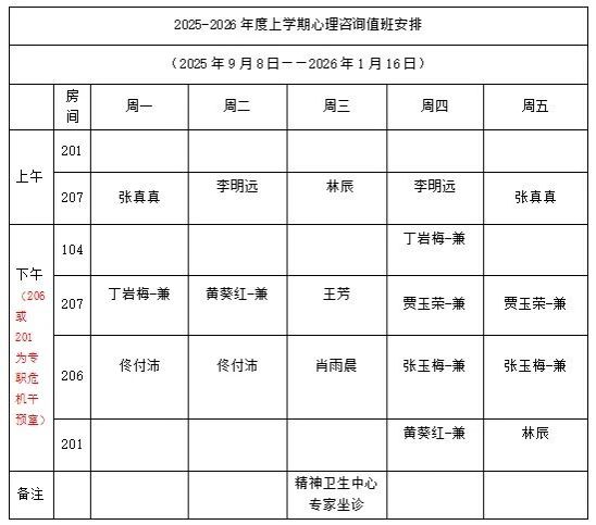 隆中校区2025-2026年度上学期心理咨询值班安排
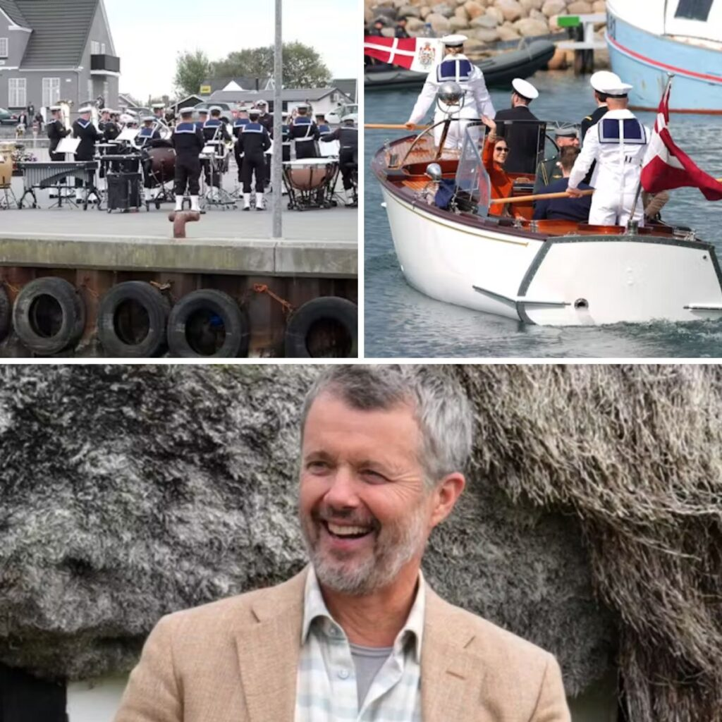 Kong Frederik og dronning Mary var naturligvis de første, der blev sejlet i chalup mod Kongeskibet Dannebrog.
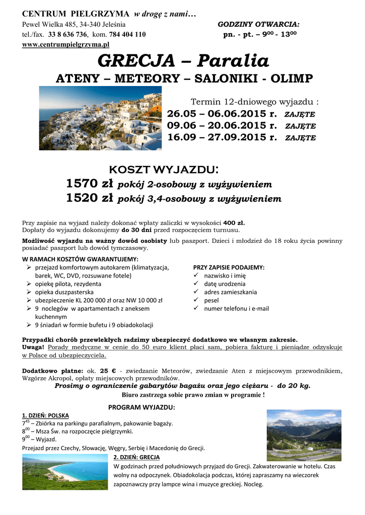 CENTRUM PIELGRZYMA w drogę z nami… GODZINY OTWARCIA: pn. - pt. – 900 - 1300 Pewel Wielka 485, 34-340 Jeleśnia tel./fax. 33 8 636 736, kom. 784 404 110 www.centrumpielgrzyma.pl GRECJA – Paralia ATENY – METEORY – SALONIKI - OLIMP Termin 12-dniowego wyjazdu : 26.05 – 06.06.2015 r. 09.06 – 20.06.2015 r. 16.09 – 27.09.2015 r. ZAJĘTE ZAJĘTE ZAJĘTE KOSZT WYJAZDU: 1570 zł 1520 zł pokój 2-osobowy z wyżywieniem pokój 3,4-osobowy z wyżywieniem Przy zapisie na wyjazd należy dokonać wpłaty zaliczki w wysokości 400 zł. Dopłaty do wyjazdu dokonujemy do 30 dni przed rozpoczęciem turnusu. Możliwość wyjazdu na ważny dowód osobisty lub paszport. Dzieci i młodzież do 18 roku życia powinny posiadać paszport lub dowód tymczasowy. W RAMACH KOSZTÓW GWARANTUJEMY: przejazd komfortowym autokarem (klimatyzacja, barek, WC, DVD, rozsuwane fotele) opiekę pilota, rezydenta opieka duszpasterska ubezpieczenie KL 200 000 zł oraz NW 10 000 zł 9 noclegów w apartamentach z aneksem kuchennym 9 śniadań w formie bufetu i 9 obiadokolacji PRZY ZAPISIE PODAJEMY: nazwisko i imię datę urodzenia adres zamieszkania pesel numer telefonu i e-mail Przypadki chorób przewlekłych radzimy ubezpieczyć dodatkowo we własnym zakresie. Uwaga! Porady medyczne w cenie do 50 euro klient płaci sam, pobiera fakturę i pieniądze odzyskuje w Polsce od ubezpieczyciela. Dodatkowo płatne: ok. 25 € - zwiedzanie Meteorów, zwiedzanie Aten z miejscowym przewodnikiem, Wzgórze Akropol, opłaty miejscowych przewodników. Prosimy o ograniczenie gabarytów bagażu oraz jego ciężaru - do 20 kg. Biuro zastrzega sobie prawo zmian w programie ! PROGRAM WYJAZDU: 1. DZIEŃ: POLSKA 745 – Zbiórka na parkingu parafialnym, pakowanie bagaży. 800 – Msza Św. na rozpoczęcie pielgrzymki. 900 – Wyjazd. Przejazd przez Czechy, Słowację, Węgry, Serbię i Macedonię do Grecji. 2. DZIEŃ: GRECJA W godzinach przed południowych przyjazd do Grecji. Zakwaterowanie w hotelu. Czas wolny na odpoczynek. Obiadokolacja podczas, której zapraszamy na wieczorek zapoznawczy przy lampce wina i muzyce greckiej. Nocleg. 3. DZIEŃ: GRECJA Śniadanie. Dzień wolny na plażowanie i rekreację nad Morzem Egejskim. Obiadokolacja i nocleg. 4. DZIEŃ: GRECJA – METEORY Śniadanie. Wyjazd do Meteorów – zwiedzanie dwóch klasztorów zawieszonych na skale między ziemią a niebem, które zaliczane są do 7 cudów świata. Jest to miejsce kultu chrześcijaństwa ortodoksyjnego, a zwiedzanie obiektów nawiązuje do kultury bizantyjskiej. Adrenalinę zwiedzania podnosi podjazd autokarem do całego Zespołu Klasztorów Górskich Meteory, które położone są na niedostępnych skałach i urwiskach. Podczas wyjazdu odwiedzimy dolinę Tembi, gdzie skały masywu Olimpu spotykają się z masywem Ossy tworząc magiczny wąwóz skalny, w którym znajduje się Kościółek Św. Paraskievii wraz ze źródłem, którego woda według legendy ma moce uzdrawiające. Obiadokolacja i nocleg. 5. DZIEŃ: GRECJA Śniadanie. Dzień wolny na plażowanie i rekreację nad Morzem Egejskim. Obiadokolacja i nocleg. 6. DZIEŃ: GRECJA – SALONIKI Śniadanie. Wyjazd do Salonik – miasta, którego nazwa pochodzi od siostry Aleksandra Wielkiego o imieniu Thessalonike. Miasto zostało jej podarowane przez męża – króla Kassandra i nazwane jej imieniem. Podczas spaceru po zabytkowej części miasta odwiedzimy: Kościół Św. Demetriosa, ruiny Agory, Kościół Panagia Helkedon, Łuk Triumfalny Galeriusza, Kościół Hagia Sofia, Plac Arystotelesa, Białą Wieżę, bazar turecki oraz dzielnicę portową. Czas wolny. Powrót do hotelu. Obiadokolacja i nocleg. 7. DZIEŃ: GRECJA Śniadanie. Dzień wolny na plażowanie i rekreację nad Morzem Egejskim. Obiadokolacja i nocleg 8. DZIEŃ: GRECJA - ATENY W godzinach wczesno porannych wyjazd do Aten. Śniadanie w formie suchego prowiantu. Przyjazd do Portu w Pireusie – zwiedzanie największego portu Morza Śródziemnomorskiego. Zwiedzanie starożytnej części miasta Ateny rozpoczynając od wzgórza Akropolu na którym można podziwiać zespół budowli – Partenon, Erechtejon oraz kolumnadę wjazdową Propyleje. Ze wzgórza Akropolu spacer poprzez Aeropag, Agorę Grecką, następnie Agorę Rzymską do centrum miasta, gdzie przejdziemy dzielnicą bohemy artystycznej Place. W miarę możliwości oglądanie zmiany warty pod Parlamentem. Wizyta na stadionie olimpijskim Kalimarmaro. Następnie przejazd pod najważniejszymi obiektami miasta, czyli Akademią Ateńską oraz Świątynią Zeusa Olimpijskiego. Czas wolny na zakupy i spacer ulicami Aten. W drodze powrotnej zatrzymamy się pod Termopilami gdzie 300 Spartian pod wodzą Leonidasa zatrzymało armię perską w „gorących wrotach”. Powrót do hotelu. Obiadokolacja i nocleg. 9. DZIEŃ: GRECJA Śniadanie. Dzień wolny na plażowanie i rekreację nad Morzem Egejskim. Obiadokolacja i nocleg 10. DZIEŃ: GRECJA – GÓRA OLIMP Śniadanie. Wycieczka na zbocza Góry Olimp, podczas której odwiedzimy najciekawsze zakątki dachu starożytnego świata. Ta relaksacyjna wycieczka obejmuje wyjazd do Litohoro – miasteczka usytuowanego u stóp Olimpu, wizyta w klasztorze Św. Dionizosa, następnie przejazd do Paleos Panteleimonas – starej górskiej wioski położonej na zboczach Olimpu. Wizyta w twierdzy bizantyjskiej Panteleimonas. Powrót do hotelu, czas wolny na rekreację i odpoczynek nad Morzem. Obiadokolacja i nocleg. 11. DZIEŃ: GRECJA Śniadanie. Pakowanie bagaży i opuszczenia apartamentów do godz. 1000. Możliwość umieszczenia bagaży w autokarze. Czas wolny na plażowanie oraz rekreację. W godzinach popołudniowych wyjazd w kierunku polski. 12. DZIEŃ: POLSKA W godzinach popołudniowych przyjazd do Polski. Dla chętnych możliwość uczestnictwa we Mszy Świętej. !!! W przypadku rezygnacji z uczestnictwa w wyjeździe nie można otrzymać zwrotu wpłaconej gotówki – na swoje miejsce należy znaleźć inną osobę. Organizator zastrzega sobie możliwoś
━━━━
--- Goal of the exercise ---
Copy every line above word for word and exclude the pictures.

--- Final answer ---
 隆中校区2025-2026年度上学期心理咨询值班安排
 Kong Frederik og dronning Mary var naturligvis de første, der blev sejlet i chalup mod Kongeskibet Dannebrog.
 CENTRUM PIELGRZYMA w drogę z nami… GODZINY OTWARCIA: pn. - pt. – 900 - 1300 Pewel Wielka 485, 34-340 Jeleśnia tel./fax. 33 8 636 736, kom. 784 404 110 www.centrumpielgrzyma.pl GRECJA – Paralia ATENY – METEORY – SALONIKI - OLIMP Termin 12-dniowego wyjazdu : 26.05 – 06.06.2015 r. 09.06 – 20.06.2015 r. 16.09 – 27.09.2015 r. ZAJĘTE ZAJĘTE ZAJĘTE KOSZT WYJAZDU: 1570 zł 1520 zł pokój 2-osobowy z wyżywieniem pokój 3,4-osobowy z wyżywieniem Przy zapisie na wyjazd należy dokonać wpłaty zaliczki w wysokości 400 zł. Dopłaty do wyjazdu dokonujemy do 30 dni przed rozpoczęciem turnusu. Możliwość wyjazdu na ważny dowód osobisty lub paszport. Dzieci i młodzież do 18 roku życia powinny posiadać paszport lub dowód tymczasowy. W RAMACH KOSZTÓW GWARANTUJEMY: przejazd komfortowym autokarem (klimatyzacja, barek, WC, DVD, rozsuwane fotele) opiekę pilota, rezydenta opieka duszpasterska ubezpieczenie KL 200 000 zł oraz NW 10 000 zł 9 noclegów w apartamentach z aneksem kuchennym 9 śniadań w formie bufetu i 9 obiadokolacji PRZY ZAPISIE PODAJEMY: nazwisko i imię datę urodzenia adres zamieszkania pesel numer telefonu i e-mail Przypadki chorób przewlekłych radzimy ubezpieczyć dodatkowo we własnym zakresie. Uwaga! Porady medyczne w cenie do 50 euro klient płaci sam, pobiera fakturę i pieniądze odzyskuje w Polsce od ubezpieczyciela. Dodatkowo płatne: ok. 25 € - zwiedzanie Meteorów, zwiedzanie Aten z miejscowym przewodnikiem, Wzgórze Akropol, opłaty miejscowych przewodników. Prosimy o ograniczenie gabarytów bagażu oraz jego ciężaru - do 20 kg. Biuro zastrzega sobie prawo zmian w programie ! PROGRAM WYJAZDU: 1. DZIEŃ: POLSKA 745 – Zbiórka na parkingu parafialnym, pakowanie bagaży. 800 – Msza Św. na rozpoczęcie pielgrzymki. 900 – Wyjazd. Przejazd przez Czechy, Słowację, Węgry, Serbię i Macedonię do Grecji. 2. DZIEŃ: GRECJA W godzinach przed południowych przyjazd do Grecji. Zakwaterowanie w hotelu. Czas wolny na odpoczynek. Obiadokolacja podczas, której zapraszamy na wieczorek zapoznawczy przy lampce wina i muzyce greckiej. Nocleg. 3. DZIEŃ: GRECJA Śniadanie. Dzień wolny na plażowanie i rekreację nad Morzem Egejskim. Obiadokolacja i nocleg. 4. DZIEŃ: GRECJA – METEORY Śniadanie. Wyjazd do Meteorów – zwiedzanie dwóch klasztorów zawieszonych na skale między ziemią a niebem, które zaliczane są do 7 cudów świata. Jest to miejsce kultu chrześcijaństwa ortodoksyjnego, a zwiedzanie obiektów nawiązuje do kultury bizantyjskiej. Adrenalinę zwiedzania podnosi podjazd autokarem do całego Zespołu Klasztorów Górskich Meteory, które położone są na niedostępnych skałach i urwiskach. Podczas wyjazdu odwiedzimy dolinę Tembi, gdzie skały masywu Olimpu spotykają się z masywem Ossy tworząc magiczny wąwóz skalny, w którym znajduje się Kościółek Św. Paraskievii wraz ze źródłem, którego woda według legendy ma moce uzdrawiające. Obiadokolacja i nocleg. 5. DZIEŃ: GRECJA Śniadanie. Dzień wolny na plażowanie i rekreację nad Morzem Egejskim. Obiadokolacja i nocleg. 6. DZIEŃ: GRECJA – SALONIKI Śniadanie. Wyjazd do Salonik – miasta, którego nazwa pochodzi od siostry Aleksandra Wielkiego o imieniu Thessalonike. Miasto zostało jej podarowane przez męża – króla Kassandra i nazwane jej imieniem. Podczas spaceru po zabytkowej części miasta odwiedzimy: Kościół Św. Demetriosa, ruiny Agory, Kościół Panagia Helkedon, Łuk Triumfalny Galeriusza, Kościół Hagia Sofia, Plac Arystotelesa, Białą Wieżę, bazar turecki oraz dzielnicę portową. Czas wolny. Powrót do hotelu. Obiadokolacja i nocleg. 7. DZIEŃ: GRECJA Śniadanie. Dzień wolny na plażowanie i rekreację nad Morzem Egejskim. Obiadokolacja i nocleg 8. DZIEŃ: GRECJA - ATENY W godzinach wczesno porannych wyjazd do Aten. Śniadanie w formie suchego prowiantu. Przyjazd do Portu w Pireusie – zwiedzanie największego portu Morza Śródziemnomorskiego. Zwiedzanie starożytnej części miasta Ateny rozpoczynając od wzgórza Akropolu na którym można podziwiać zespół budowli – Partenon, Erechtejon oraz kolumnadę wjazdową Propyleje. Ze wzgórza Akropolu spacer poprzez Aeropag, Agorę Grecką, następnie Agorę Rzymską do centrum miasta, gdzie przejdziemy dzielnicą bohemy artystycznej Place. W miarę możliwości oglądanie zmiany warty pod Parlamentem. Wizyta na stadionie olimpijskim Kalimarmaro. Następnie przejazd pod najważniejszymi obiektami miasta, czyli Akademią Ateńską oraz Świątynią Zeusa Olimpijskiego. Czas wolny na zakupy i spacer ulicami Aten. W drodze powrotnej zatrzymamy się pod Termopilami gdzie 300 Spartian pod wodzą Leonidasa zatrzymało armię perską w „gorących wrotach”. Powrót do hotelu. Obiadokolacja i nocleg. 9. DZIEŃ: GRECJA Śniadanie. Dzień wolny na plażowanie i rekreację nad Morzem Egejskim. Obiadokolacja i nocleg 10. DZIEŃ: GRECJA – GÓRA OLIMP Śniadanie. Wycieczka na zbocza Góry Olimp, podczas której odwiedzimy najciekawsze zakątki dachu starożytnego świata. Ta relaksacyjna wycieczka obejmuje wyjazd do Litohoro – miasteczka usytuowanego u stóp Olimpu, wizyta w klasztorze Św. Dionizosa, następnie przejazd do Paleos Panteleimonas – starej górskiej wioski położonej na zboczach Olimpu. Wizyta w twierdzy bizantyjskiej Panteleimonas. Powrót do hotelu, czas wolny na rekreację i odpoczynek nad Morzem. Obiadokolacja i nocleg. 11. DZIEŃ: GRECJA Śniadanie. Pakowanie bagaży i opuszczenia apartamentów do godz. 1000. Możliwość umieszczenia bagaży w autokarze. Czas wolny na plażowanie oraz rekreację. W godzinach popołudniowych wyjazd w kierunku polski. 12. DZIEŃ: POLSKA W godzinach popołudniowych przyjazd do Polski. Dla chętnych możliwość uczestnictwa we Mszy Świętej. !!! W przypadku rezygnacji z uczestnictwa w wyjeździe nie można otrzymać zwrotu wpłaconej gotówki – na swoje miejsce należy znaleźć inną osobę. Organizator zastrzega sobie możliwoś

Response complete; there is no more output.